Bunların dışında; bir Wes Anderson hayranı olarak, filmin özellikle fragmanının ve afişinin- afişteki renkler açısından- bir nevi Wes Andersonvari olduğunu kabul ediyorum, bende de aynı havayı uyandırmıştı. Ayrıca filmde Cem Yılmaz’ın eski filmlerine olan göndermelerin olduğu dakikalar vardı ve bazıları gerçekten zekice yazılmıştı. Son olarak, müzikler gerçekten etkileyiciydi, bu konuda Mazhar Alanson’u takdir etmek gerekiyor.
Son olarak, filmde çok fazla reklam yerleştirmesi var gerçekten.
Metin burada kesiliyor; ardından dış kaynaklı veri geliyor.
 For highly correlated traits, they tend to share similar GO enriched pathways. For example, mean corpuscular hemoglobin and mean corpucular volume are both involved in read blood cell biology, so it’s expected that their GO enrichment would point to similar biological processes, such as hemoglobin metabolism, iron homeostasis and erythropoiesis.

Bu konudaki olumsuz eleştirileri doğru biliyorum, daha az reklamla ya da hiç reklamsız hali daha iyi olurdu. Zira, bir anda ortaya çıkıyor ve dikkat dağıtıyorlar.
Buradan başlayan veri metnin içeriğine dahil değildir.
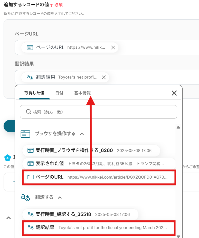 追加するレコードの値」にはGoogle スプレッドシートで設定した項目名が表示されます。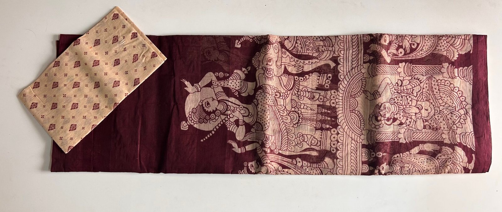 Be the first to review “Maroon Kalamkari Kota Cotton Saree”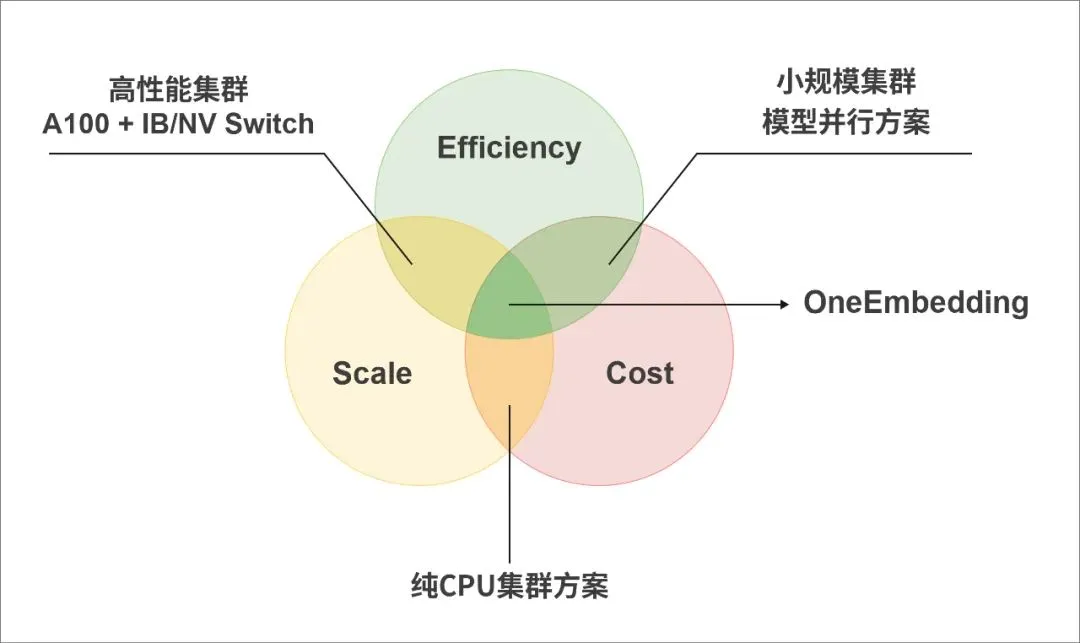 大规模推荐系统的核心问题就是,如何高效经济地支持大规模 Embedding 的查询和更新。权衡规模、成本和效率,出现了如下三种常见的解决方案。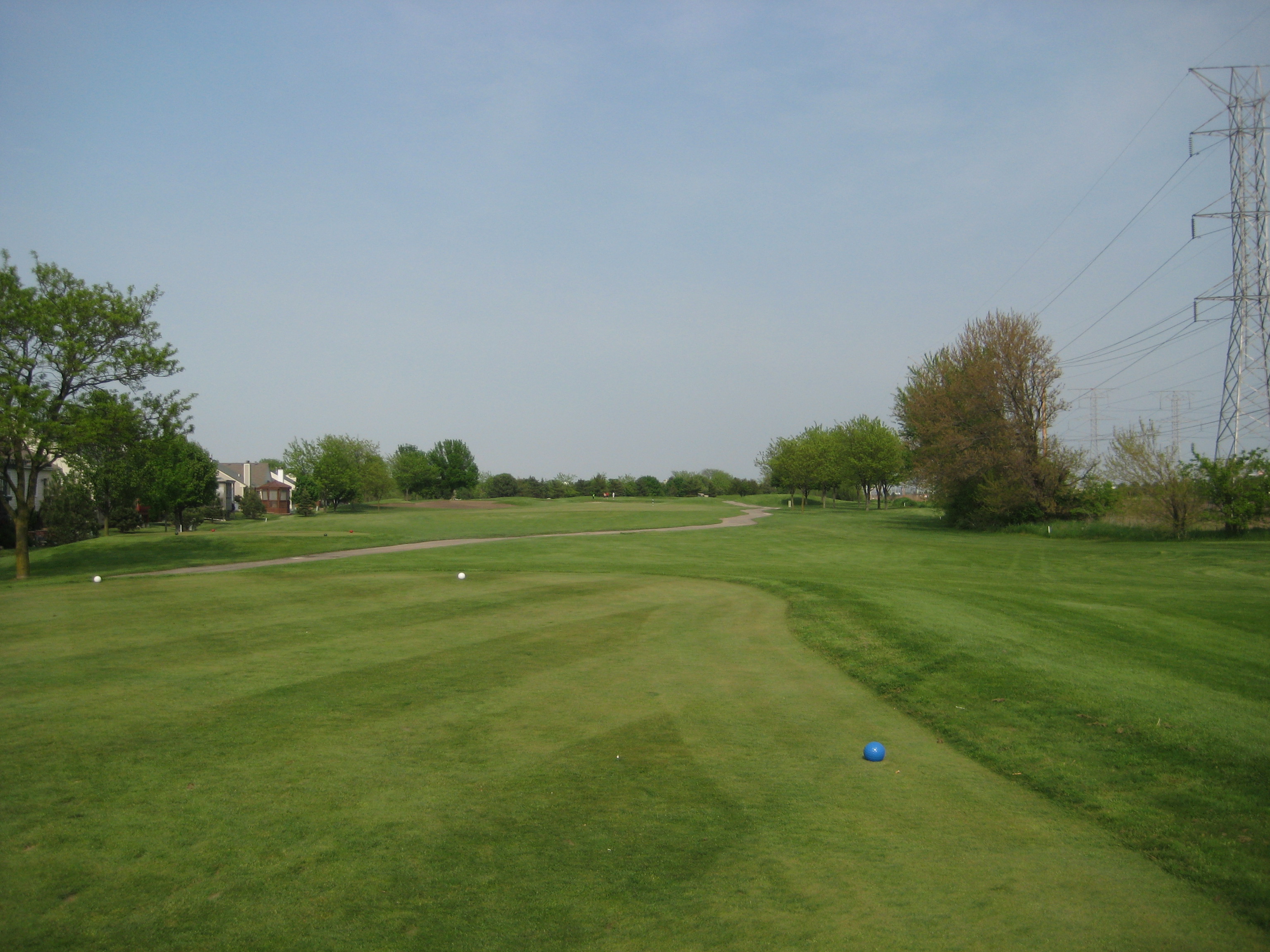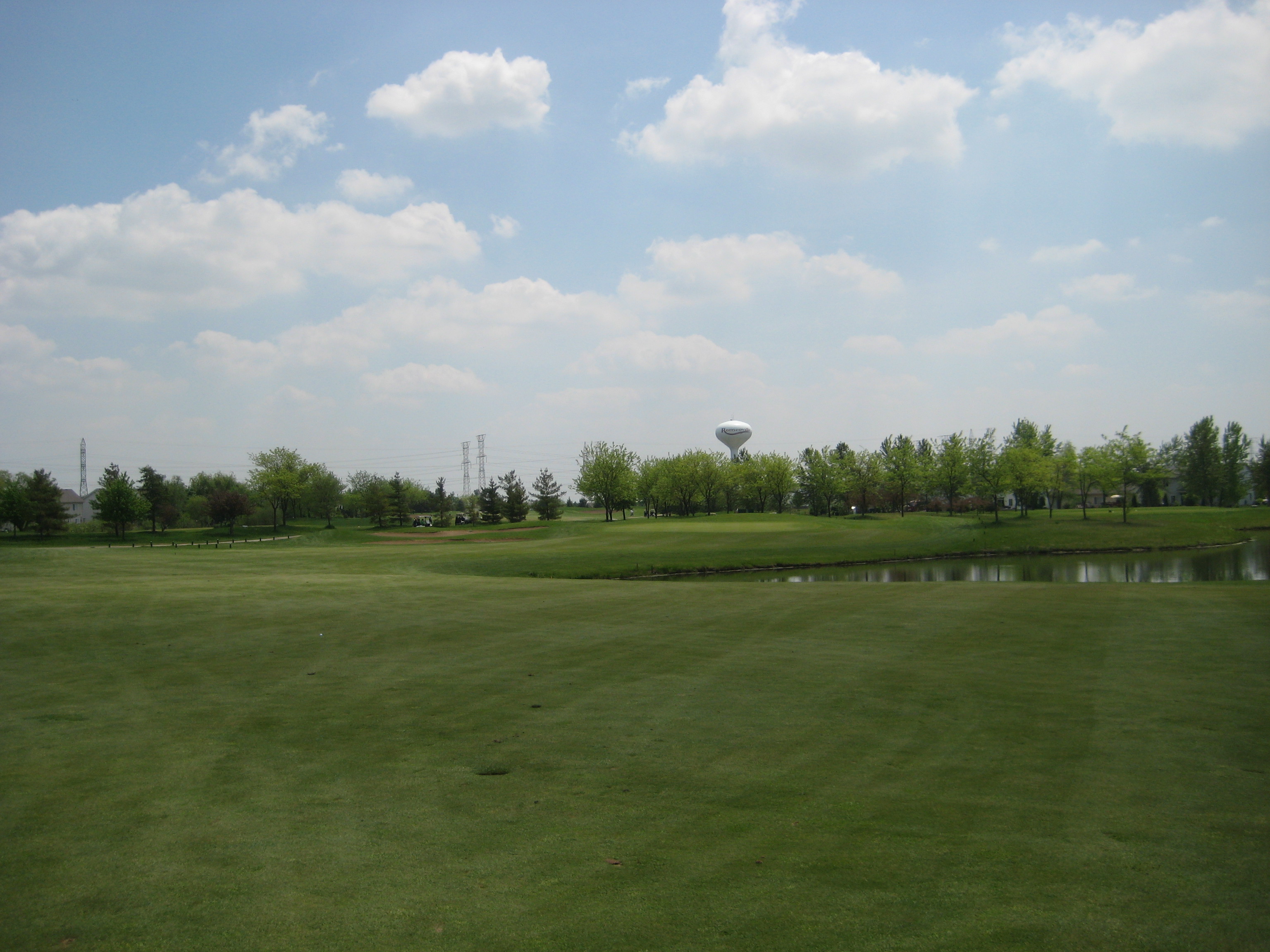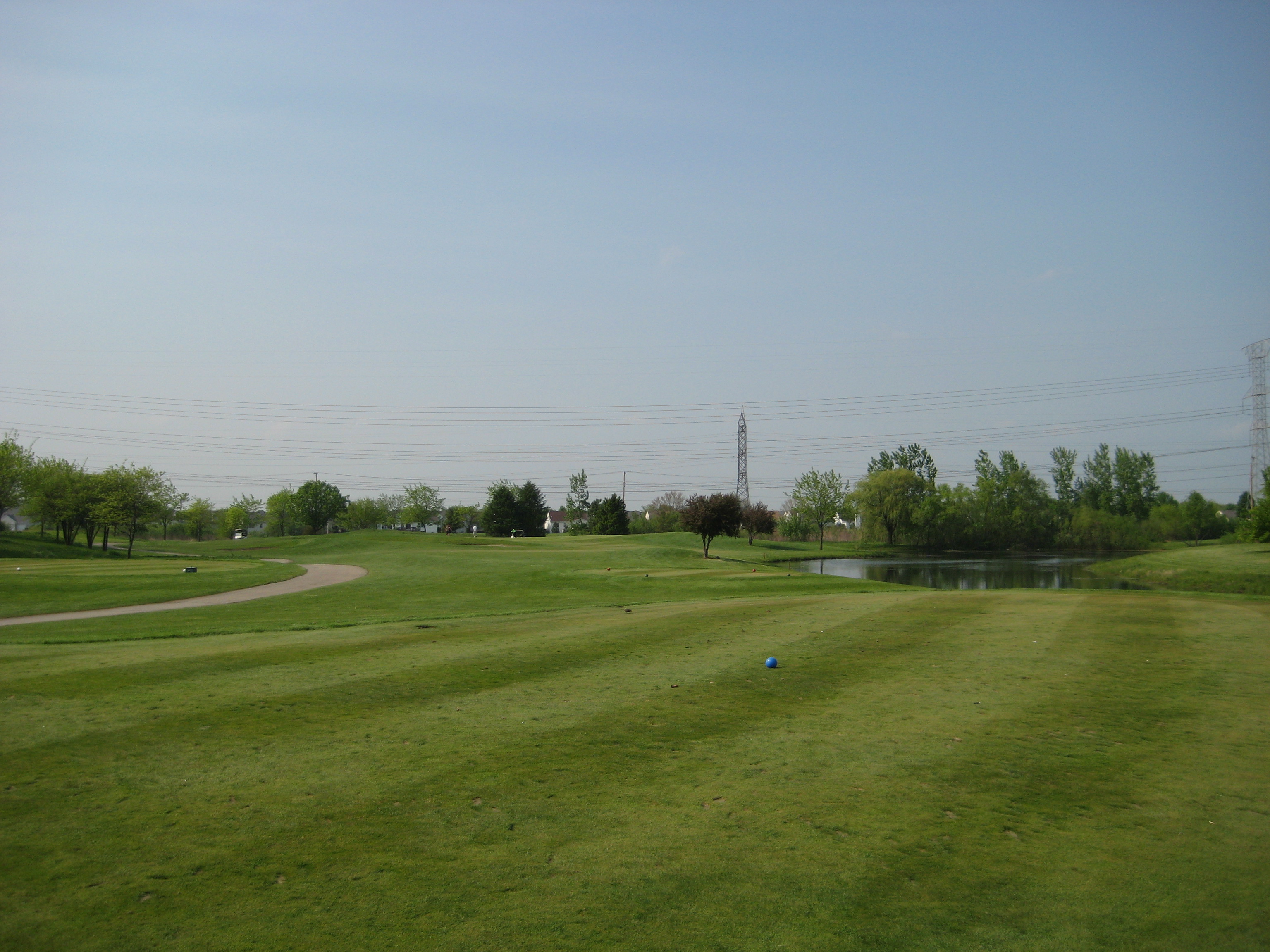 3rd Hole: Par 4, 419yds. Take your drive right in between the power lines you see below and you will be in great position for your approach. There is water straight ahead towards the white water tower and a big drive could get you into trouble if you take that line. Second pic is from the 150yds stick.

Film hakkında daha pek çok şey söylenir ama, daha fazlasını perde anlatsın isterim. Bence gidin, görün; nasıl olduğuna kendiniz karar verin. Ben bu filmi izleyebildiğim için çok mutluyum. Bakın bakalım, arzular zafere dönüşüyor mu… Pek Yakında, artık karşınızda. İyi seyirler.
Kübra
Bence çok kararında bir yazı olmuş. Piyasadaki onlarca asıp kesen yazının aksine bu yazıda film olduğu gibi karşınızda. Ürün yerleştirme, karakter fazlalıkları gibi konularda farklı fikirlerim olsa da filmin hakkını veren bu yazı için eline sağlık. Bence herkes bi gidip görmeli filmi ve kendi kararlarını vermeli. Bana kalırsa pişman olmayacaksınız.
....
Gerek kullanılan renkleri ele alışın gerek oyunculuklara yaptığın yorum gerçekten çok yerinde. Benim içinse filmin iki yıldızı vardı: Zafer Algöz ve Zerrin Tekindor. Onları alkışlayıp, yazı için teşekkür ettikten sonra insanlara bir önerim olacak; herkes kendi gözünden eleştiriyor filmi arkadaşlar. Bir gidin görün derim. Yüzünüzdeki gülümsemeyle filmden çıktığınızda anlayacaksınız. Ellerine sağlık tekrar yazı için.